Organic Search is by far the channel that generates most users (almost 141000) representing almost half of total visits on both websites, followed by Paid Search and Direct. Display takes the 4th position and Social the 6th contributing with 6722.

# Python

# sum users by all channel groups and plot bar chart 
ax = df.groupby("default_channel_grouping")["users"].sum().sort_values(ascending=True)\
.plot(kind="bar", figsize=(9,6), fontsize=12, linewidth=2,
color=sns.color_palette("rocket"), grid=False, table=False)

# show data labels
for p in ax.patches:
ax.annotate("%.0f" % p.get_height(), (p.get_x() + p.get_width() / 2., p.get_height()),
ha='center', va='center', xytext=(0, 7), textcoords='offset points')

# params
plt.xlabel("Channel groups", fontsize=10)
plt.xticks(rotation=90, horizontalalignment="center")
plt.ylabel("Absolute values", fontsize=10)
plt.title("Best channel group (highest number of users)", fontsize=10, loc="right");

Image by author.

# MySQL

SELECT 
default_channel_grouping AS channels,
SUM(CASE -- sum users by brand and map to new columns
WHEN brand = 'brand 1' THEN users -- if brand = 'brand 1', sum users and store in 'Brand_1' column
ELSE NULL -- if not 'brand 1', set value to null
END) AS Brand_1, -- create column for Brand 1 users
SUM(CASE
WHEN brand = 'brand 2' THEN users
ELSE NULL
END) AS Brand_2
FROM
case_sql
GROUP BY 1 -- group by channel
ORDER BY 3 DESC; -- order by Brand 2 users in descending order
Image by author.

# Python

# create pivot_table
# sum all users for each brand by channels
type_pivot = df.pivot_table(
columns="brand",
index="default_channel_grouping",
values="users", aggfunc=sum)

display(type_pivot)

#Display pivot_table with a bar chart
type_pivot.sort_values(by=["Brand 2"], ascending=True).plot(kind="bar", figsize=(12,8) ,fontsize = 15)
plt.xlabel("Channel groups", fontsize=10)
plt.xticks(rotation=90, horizontalalignment="center")
plt.ylabel("Absolute values", fontsize=10)
plt.title("Channel groups by brand (highest number of users)", fontsize=10, loc="right");

Image by author.
Image by author.

Organic Search has contributed by 105.062 of users for Brand 2, and by 35.911 users for Brand 1. With the exception of ‘Other’ in which the Brand 1 is superior, the Brand 2 contributes the highest delivering users to the website in all channels.

# MySQL

SELECT 
brand,
default_channel_grouping AS channels,
ROUND(SUM(sessions) / (SELECT
SUM(sessions)
FROM
case_sql) * 100,
1) AS percent
FROM
case_sql
WHERE
default_channel_grouping IN ('Paid Search' , 'Paid Social', 'Display', 'Other Advertising') -- include only rows with these values
AND date < '2020-01-01' -- only date before '2020-01-01' will be included.
GROUP BY 1 , 2
HAVING percent > 5 -- filters the groups to only include values greater than 5%.
ORDER BY 1 , 3 DESC
Image by author

# Python

# groupby dataframe by selected cols
df = df.groupby(["date","brand","default_channel_grouping"])["sessions"].sum().to_frame().copy()

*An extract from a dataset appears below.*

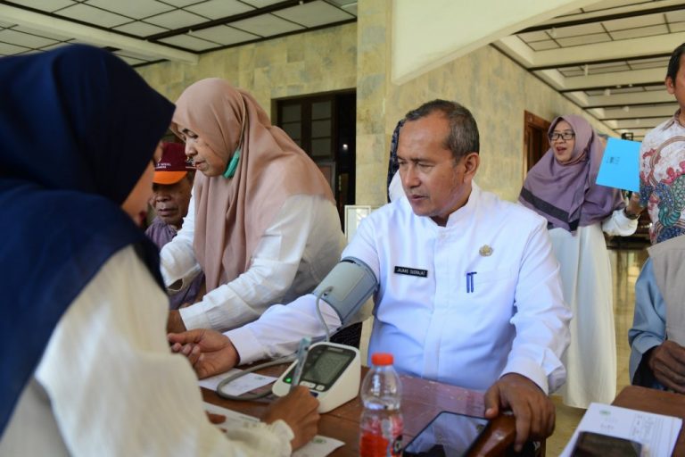Menariknya, kegiatan ini juga diikuti oleh sejumlah pejabat daerah, salah satunya Asisten Daerah (Asda) Pemerintahan dan Kesejahteraan Rakyat, Jajang Sudrajat, yang turut memeriksakan kesehatannya bersama masyarakat.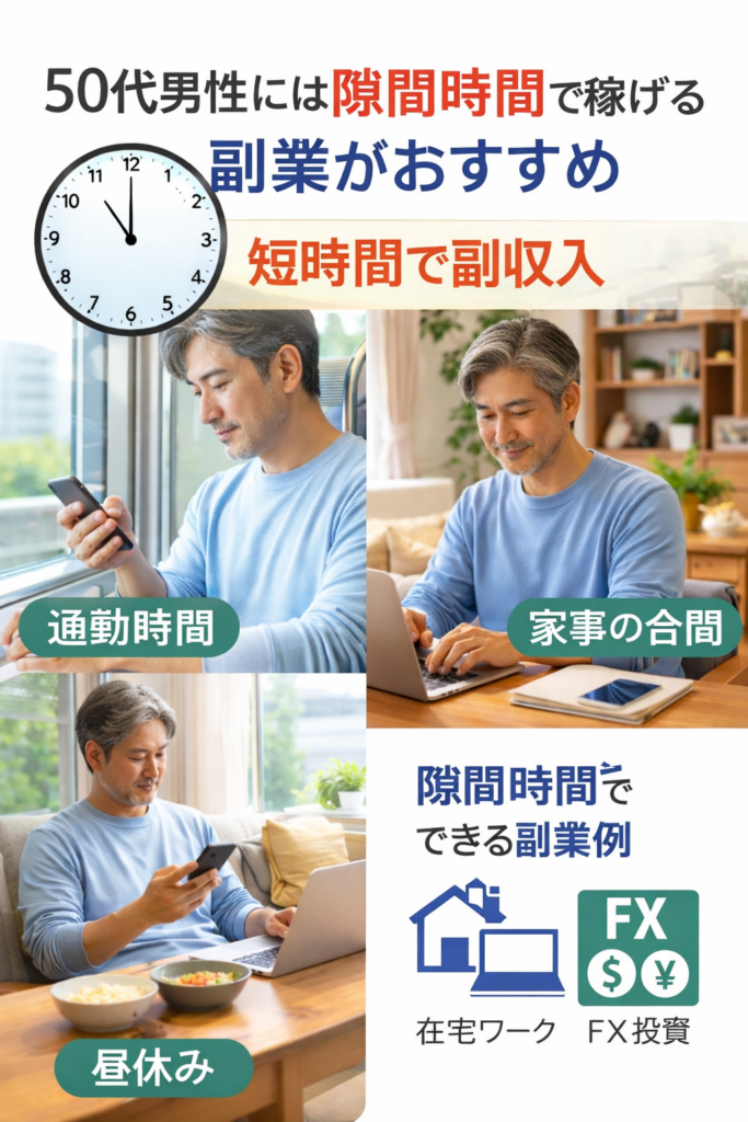 したがって、50代男性には「通勤時間や昼休み、家事の合間」といったスキマ時間で完結する副業がおすすめです。

# calculate percentages (new column)
df["percent"] = (df.apply(lambda x: x/x.sum())*100).round(2)

# reset index
df = df.reset_index().copy()

# display a 5 rows sample
df.sample(5)

Image by author.
# filter paid channels using lambda function
paid = df.apply(lambda row: row[df['default_channel_grouping'].isin(['Display','Paid Search','Paid Social','Other Advertising'])])

# filter year 2019
paid = paid[paid['date'] < '2020-01-01']

# groupby channels by brand
paid = paid.groupby(["brand","default_channel_grouping"])[["sessions","percent"]].sum()

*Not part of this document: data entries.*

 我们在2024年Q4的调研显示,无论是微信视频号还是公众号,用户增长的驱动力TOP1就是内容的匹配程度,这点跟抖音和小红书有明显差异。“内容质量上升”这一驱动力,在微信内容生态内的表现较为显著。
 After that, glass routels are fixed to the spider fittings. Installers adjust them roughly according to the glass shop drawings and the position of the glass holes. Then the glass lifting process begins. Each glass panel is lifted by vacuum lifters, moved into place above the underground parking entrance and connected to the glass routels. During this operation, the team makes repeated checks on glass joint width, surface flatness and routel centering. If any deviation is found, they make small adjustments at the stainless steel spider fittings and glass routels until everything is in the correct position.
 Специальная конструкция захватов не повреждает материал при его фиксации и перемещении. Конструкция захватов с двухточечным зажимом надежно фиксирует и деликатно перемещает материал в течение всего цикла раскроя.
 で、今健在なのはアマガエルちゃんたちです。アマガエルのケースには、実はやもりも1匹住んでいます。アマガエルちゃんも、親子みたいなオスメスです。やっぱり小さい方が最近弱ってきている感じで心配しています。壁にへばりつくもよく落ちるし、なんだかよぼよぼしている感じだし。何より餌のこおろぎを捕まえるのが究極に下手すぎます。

# filter sessions higher than 5%
paid[paid["percent"] >5]

Image by author.

# MySQL

SELECT 
brand,
SUM(CASE
WHEN device_category = 'Desktop' THEN users
ELSE NULL
END) AS desktop,
SUM(CASE
WHEN device_category = 'Mobile' THEN users
ELSE NULL
END) AS mobile,
SUM(CASE
WHEN device_category = 'Tablet' THEN users
ELSE NULL
END) AS tablet
FROM
case_sql
GROUP BY 1
ORDER BY 1;
Image by author.

# Python

# pivot_table
type_pivot = df.pivot_table(
columns="device_category",
index="brand",
values="users", aggfunc=sum)

display(type_pivot)

# display pivot_table (chart)
ax = type_pivot.sort_values(by=["brand"], ascending=False).plot(kind="bar", figsize=(12,8) ,fontsize = 15);

# adding data labels
for p in ax.patches:
ax.annotate("%.0f" % p.get_height(), (p.get_x() + p.get_width() / 2., p.get_height()), ha='center', va='center', xytext=(0, 7), textcoords='offset points')

plt.xlabel("Brands", fontsize=10)
plt.xticks(rotation=0, horizontalalignment="center")
plt.ylabel("Absolute values", fontsize=10)
plt.title("Brand by type of device", fontsize=10, loc="right")
plt.legend(["Desktop","Mobile","Tablet"]);

Image by author.

Mobile is the preferred type of device at Brand 2 whereas desktop is the most used device at Brand 1.

# MySQL

SELECT 
default_channel_grouping,
AVG(CASE
WHEN device_category = 'Desktop' THEN users
ELSE NULL
END) AS desktop,
AVG(CASE
WHEN device_category = 'Mobile' THEN users
ELSE NULL
END) AS mobile,
AVG(CASE
WHEN device_category = 'Tablet' THEN users
ELSE NULL
END) AS tablet
FROM
case_sql
GROUP BY 1
ORDER BY 1;
Image by author.

# Python

# pivot_table
type_pivot = df.pivot_table(
columns="device_category",
index="default_channel_grouping",
values="users", aggfunc=np.mean)

display(type_pivot)

Image by author.
# display pivot_table
type_pivot.sort_values(by=["default_channel_grouping"], ascending=False).plot(kind="bar", figsize=(12,8) ,fontsize = 15);

plt.xlabel("Date", fontsize=10)
plt.xticks(rotation=90, horizontalalignment="center")
plt.ylabel("Absolute values", fontsize=10)
plt.title("Average use of device types by channel grouping", fontsize=10, loc="right")
plt.legend(["Desktop","Mobile","Tablet"]);

Image by author.

On average, desktop is more often used regarding Referral, Direct and Others. As for the other channels, vertical oriented content should be always taken in consideration.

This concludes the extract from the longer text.